The probe used for sheep renin mRNA is a partial sheep renin cDNA from coordinates 117–983 cloned into pGEM-T easy (Promega, Madison, WI) and cut with the restriction enzyme EcoR1 to linearize the plasmid in preparation for in vitro transcription. The probe used for sheep AT1 mRNA is a partial sheep AT1 cDNA from coordinates 114–783 cloned into pGEM-T easy (Promega) and cut with the restriction enzyme SpeI to linearize the plasmid in preparation for in vitro transcription. The probe used for sheep AT2 mRNA is a partial sheep AT2 cDNA from coordinates 142–921 cloned into pT7/T3U18 (Ambion, Austin, TX) and cut with the restriction enzyme HindIII to linearize the plasmid in preparation for in vitro transcription.
In vitro transcription was performed by adding the following items in order: 4 μl of 5× transcription buffer, 2 μl of 100 mM dithiothreitol, 1 μl of RNasin RNase inhibitor, 4 μl of ATP, GTP, and CTP mix (25 mM each), 2.4 μl of 100 μM UTP, 5 μl of [α-32P]UTP (3,000 Ci/mmol; Perkin-Elmer), and 1 μl of SP6 (for renin) or T7 (for AT1 and AT2) polymerase and incubating for 2 h at room temperature.
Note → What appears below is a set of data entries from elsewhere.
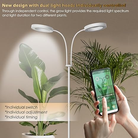 - Multi-functional plant lights for indoor growing: Featuring dual control options via controller and APP for convenient and easy operation. Offers 3 spectrum modes (Seedling, Vegetative, Flowering) with stepless dimming. Customize settings for timing, individual light operation, and more.By individually controlling each light head, one plant light can provide the required spectrum and light exposure time for two different plants.
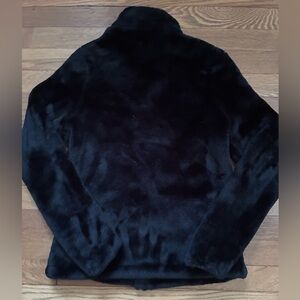Extremely soft jacket with a faux fur look and feel. In great condition. See pictures for specific measurements.
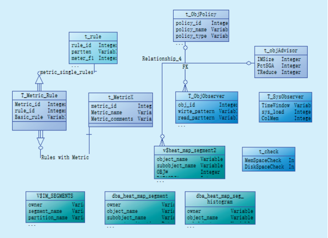 決策引擎的決策過程基于數(shù)據(jù)庫熱圖的幾個基礎(chǔ)視圖,如:v$heat_map_segment,以及本身策略庫的基礎(chǔ)表T_RULE和記錄決策引擎制定出的數(shù)據(jù)生命周期管理的方案T_OBJPOLICY,還有引擎運算使用的數(shù)據(jù)庫和操作系統(tǒng)各種狀態(tài)指標的采集表。

RQ1 RNase-free DNase (1 μl) was added, and the reaction was incubated for an additional 15 min at 37°C to remove the DNA template. Unincorporated nucleotides were removed using G-50 Sephadex column chromatography (Roche Molecular Biochemicals, Indianapolis, IN). The purified probe (1 μl) was placed into a scintillation vial to determine counts per minute. Sense strand RNA used for the standard was synthesized with linearized plasmid by in vitro transcription similarly to that described above; however, [α-32P]UTP and 100 μM UTP were replaced with 25 mM UTP.
RNase protection assay.
Renin, AT1, and AT2 mRNA were quantified by RNase protection assay (RPA) (RPA kit III; Ambion). Briefly, 20-μg RNA samples from kidney cortex, left ventricle, and lung were mixed with 10 μl of hybridization buffer and 100,000 cpm of the renin, AT1, or AT2 probe. Samples were then heated at 95°C for 4 min and placed in a 48°C water bath for overnight hybridization. RNaseA/T1 (1:150 dilution in RNase digestion buffer) was then added to the samples to digest unhybridized probe and RNA. Digestion was stopped, and the hybridized RNA was precipitated by the addition of RNase inactivation/precipitation buffer and incubation for 30 min at −20°C. Hybridized RNA was pelleted by centrifugation at 14,000 g for 15 min. Samples were then run on a 5% polyacrylamide/8 M urea denaturing gel at 250 V for 1 h. Gels were then exposed to film (Biomax-MR; Kodak, Cealex, France) with an intensifying screen. Known quantities of sense RNA were used to construct a standard curve for each assay. Hybridization signals from the protected fragments of the unknown were quantitated by comparison with the standard curve established from the signals of the sense standards. A standard curve was made for each assay, and samples from both control and TX animals were analyzed in the same assay.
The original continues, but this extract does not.